#### DESCRIPTION OF THE TASK:
Transcribe the listing below exactly, from its first line through the line with "Cross made of". Omit the pictures.
─── PROVIDED DATA ───
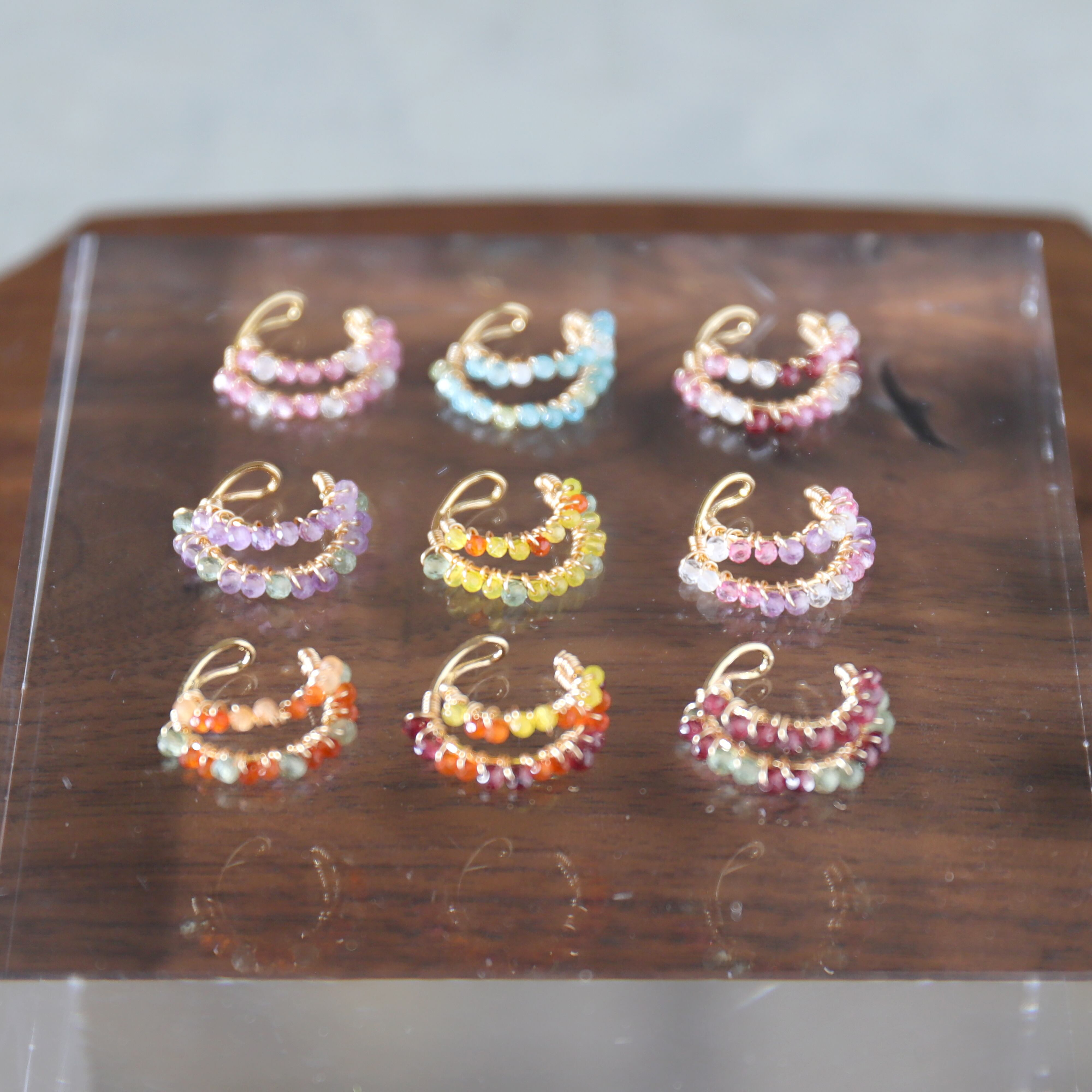天然石のアパタイト、クリスタル、ペリドットで表現したイヤカフです。
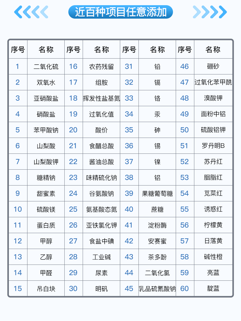 检测项目:可快速定量检测各类食品中的甲醛的含量,仪器预留其他项目检测程序和端口,根据日后需求可方便的自主增加检测项目。日后可升级为检测,水产品,肉制品,面制品的综合类型仪器。
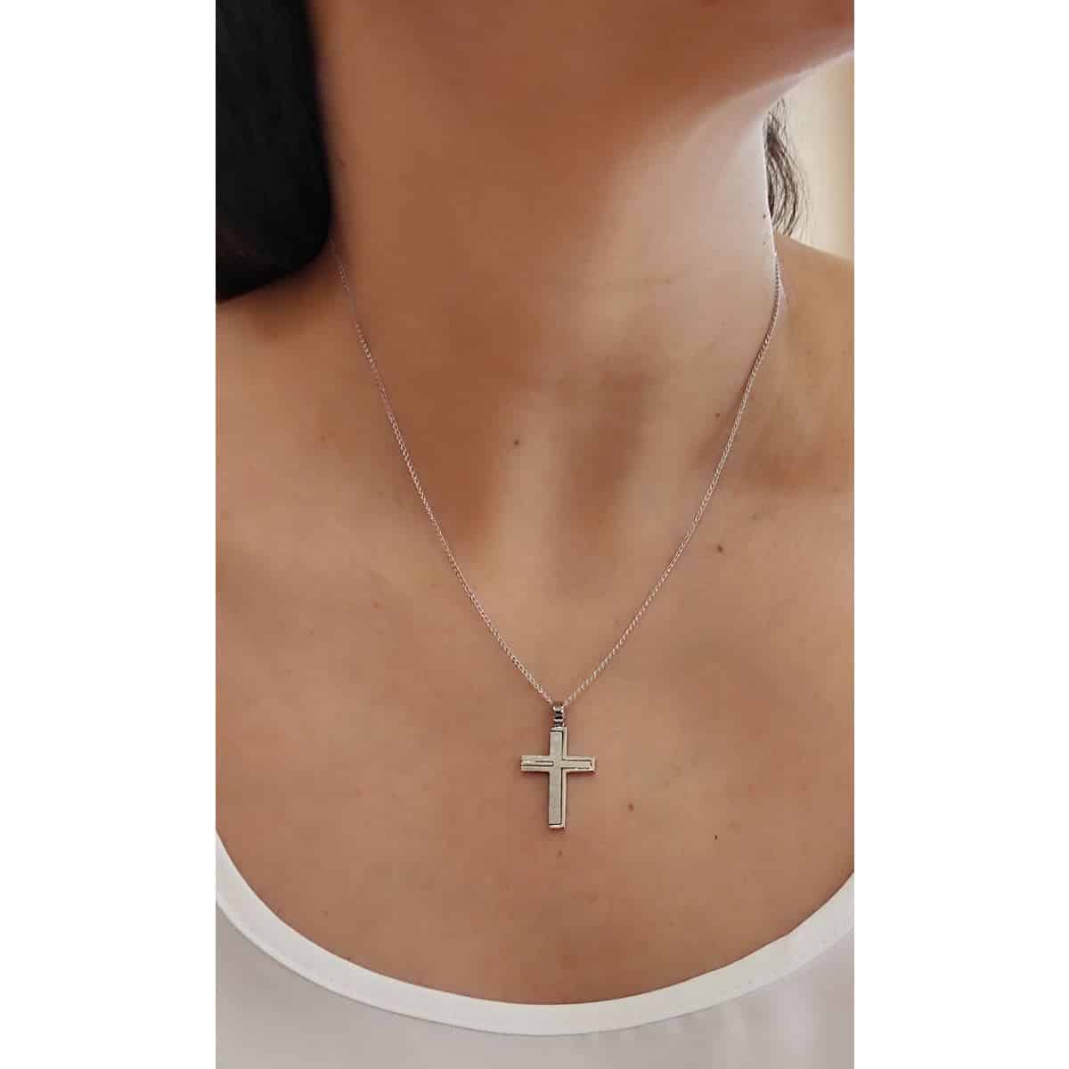 Cross made of 18 karat white gold, with ice matte and polished parts that create a design, for man, woman and baptism.
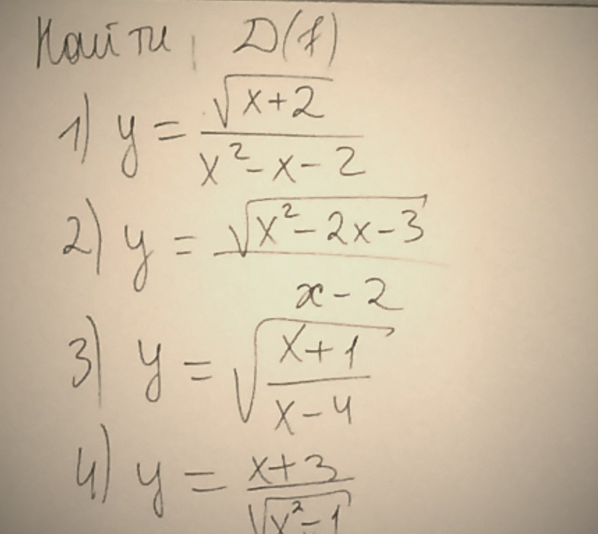 y=√x+2/(x²-x-2 {x+2≥0 x²-x-2≠0 2) {x≥-2 x≠2 x≠-1 x∈[-2. -1). (-1. 2) (2. ∞)
───
#### FINISHED TASK:
天然石のアパタイト、クリスタル、ペリドットで表現したイヤカフです。
 检测项目:可快速定量检测各类食品中的甲醛的含量,仪器预留其他项目检测程序和端口,根据日后需求可方便的自主增加检测项目。日后可升级为检测,水产品,肉制品,面制品的综合类型仪器。
 Cross made of 18 karat white gold, with ice matte and polished parts that create a design, for man, woman and baptism.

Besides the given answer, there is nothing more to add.